Advances in chip technology are making GPUs faster every year. Nvidia combines this with improvements in architecture, number representation, memory, and more. Their latest Hopper GPUs feature transformer engines to help train fundamental models. The overall performance of Nvidia GPUs has doubled every year for the past decade; this is colloquially known as “Huang’s Law.”
Computing power is a critical resource in today’s world. Nvidia is sitting comfortably with its dominant GPU offerings. Nvidia’s data center or hyperscaler market is 10x larger than the gaming market today, with no credible competition. Other companies are playing catch-up.

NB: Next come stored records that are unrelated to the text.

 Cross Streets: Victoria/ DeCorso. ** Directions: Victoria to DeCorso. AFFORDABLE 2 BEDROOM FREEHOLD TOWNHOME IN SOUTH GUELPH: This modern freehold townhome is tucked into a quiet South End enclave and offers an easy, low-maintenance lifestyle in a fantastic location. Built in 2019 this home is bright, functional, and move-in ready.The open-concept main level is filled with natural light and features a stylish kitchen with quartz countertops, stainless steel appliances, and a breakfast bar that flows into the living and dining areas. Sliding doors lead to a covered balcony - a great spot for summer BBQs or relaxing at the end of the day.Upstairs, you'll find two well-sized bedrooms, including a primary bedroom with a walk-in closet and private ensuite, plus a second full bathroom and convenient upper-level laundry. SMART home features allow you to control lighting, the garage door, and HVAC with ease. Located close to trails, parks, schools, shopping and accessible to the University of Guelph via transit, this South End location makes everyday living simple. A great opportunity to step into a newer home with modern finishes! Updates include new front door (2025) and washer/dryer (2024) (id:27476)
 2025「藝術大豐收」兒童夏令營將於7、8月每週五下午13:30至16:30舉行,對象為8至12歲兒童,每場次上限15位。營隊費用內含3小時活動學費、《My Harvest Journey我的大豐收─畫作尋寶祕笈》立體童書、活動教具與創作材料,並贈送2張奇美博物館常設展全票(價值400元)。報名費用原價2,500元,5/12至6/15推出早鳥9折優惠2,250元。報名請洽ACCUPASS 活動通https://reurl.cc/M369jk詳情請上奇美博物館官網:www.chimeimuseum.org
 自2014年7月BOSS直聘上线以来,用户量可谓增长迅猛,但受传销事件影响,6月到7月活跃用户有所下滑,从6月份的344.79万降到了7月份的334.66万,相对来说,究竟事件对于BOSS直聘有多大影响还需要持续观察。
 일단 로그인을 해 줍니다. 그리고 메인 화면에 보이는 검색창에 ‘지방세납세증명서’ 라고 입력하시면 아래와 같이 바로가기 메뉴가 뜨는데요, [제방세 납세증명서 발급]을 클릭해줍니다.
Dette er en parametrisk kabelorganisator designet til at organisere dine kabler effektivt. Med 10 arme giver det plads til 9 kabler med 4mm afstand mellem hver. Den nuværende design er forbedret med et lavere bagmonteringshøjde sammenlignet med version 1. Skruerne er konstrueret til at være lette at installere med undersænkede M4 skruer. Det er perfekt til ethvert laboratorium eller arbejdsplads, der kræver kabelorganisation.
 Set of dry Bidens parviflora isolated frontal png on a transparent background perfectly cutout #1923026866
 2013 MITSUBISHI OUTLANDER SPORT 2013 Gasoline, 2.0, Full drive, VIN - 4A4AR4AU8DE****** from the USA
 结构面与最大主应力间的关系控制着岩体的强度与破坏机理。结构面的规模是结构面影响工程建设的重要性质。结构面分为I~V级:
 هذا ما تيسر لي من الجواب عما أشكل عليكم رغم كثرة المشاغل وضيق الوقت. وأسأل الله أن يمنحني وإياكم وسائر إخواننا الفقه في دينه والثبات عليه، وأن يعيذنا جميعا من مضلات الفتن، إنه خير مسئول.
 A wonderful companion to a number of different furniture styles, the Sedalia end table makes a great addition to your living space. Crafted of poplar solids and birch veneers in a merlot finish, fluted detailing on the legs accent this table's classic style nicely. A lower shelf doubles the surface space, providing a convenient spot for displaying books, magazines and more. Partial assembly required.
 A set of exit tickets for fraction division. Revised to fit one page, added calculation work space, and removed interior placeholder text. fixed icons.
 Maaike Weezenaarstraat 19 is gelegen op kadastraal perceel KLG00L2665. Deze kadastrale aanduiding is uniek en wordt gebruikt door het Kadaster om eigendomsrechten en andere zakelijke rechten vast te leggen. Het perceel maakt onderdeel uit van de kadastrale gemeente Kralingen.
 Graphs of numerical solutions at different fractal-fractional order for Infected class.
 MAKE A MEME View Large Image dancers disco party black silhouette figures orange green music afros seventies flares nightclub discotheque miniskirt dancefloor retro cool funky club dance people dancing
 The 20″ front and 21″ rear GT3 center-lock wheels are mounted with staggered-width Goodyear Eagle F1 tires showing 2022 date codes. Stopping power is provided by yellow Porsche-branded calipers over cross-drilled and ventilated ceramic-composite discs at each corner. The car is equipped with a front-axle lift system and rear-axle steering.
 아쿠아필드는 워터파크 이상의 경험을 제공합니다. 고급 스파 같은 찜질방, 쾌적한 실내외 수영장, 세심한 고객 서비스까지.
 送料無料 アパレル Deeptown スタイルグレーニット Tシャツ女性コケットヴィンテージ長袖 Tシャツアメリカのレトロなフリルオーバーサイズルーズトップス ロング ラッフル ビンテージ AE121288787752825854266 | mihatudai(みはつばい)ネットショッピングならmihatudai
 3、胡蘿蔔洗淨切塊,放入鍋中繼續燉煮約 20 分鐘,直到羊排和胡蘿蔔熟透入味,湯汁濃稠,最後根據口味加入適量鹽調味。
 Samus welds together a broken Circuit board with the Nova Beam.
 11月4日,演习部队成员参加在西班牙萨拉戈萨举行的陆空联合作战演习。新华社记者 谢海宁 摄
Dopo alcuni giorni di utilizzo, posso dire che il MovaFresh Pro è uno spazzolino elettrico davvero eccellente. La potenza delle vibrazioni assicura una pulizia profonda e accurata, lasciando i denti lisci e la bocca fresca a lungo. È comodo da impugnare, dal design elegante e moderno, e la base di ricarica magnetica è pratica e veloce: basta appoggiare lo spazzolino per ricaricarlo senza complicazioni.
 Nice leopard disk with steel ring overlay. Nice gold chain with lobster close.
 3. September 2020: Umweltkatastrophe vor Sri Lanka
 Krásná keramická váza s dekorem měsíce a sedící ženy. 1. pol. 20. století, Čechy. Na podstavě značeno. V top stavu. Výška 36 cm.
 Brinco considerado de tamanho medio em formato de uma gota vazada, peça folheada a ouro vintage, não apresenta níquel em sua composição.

Google is building its own Tensor Processing Units (TPUs) to accelerate AI. Other large companies and several startups are building AI processors as alternatives. Cerebras is taking a radical approach to building wafer-scale engines with a million compute cores. None of these engines are available in an easy-to-use way.
PJ Narayanan
Professor PJ Narayanan is Director of IIIT Hyderabad.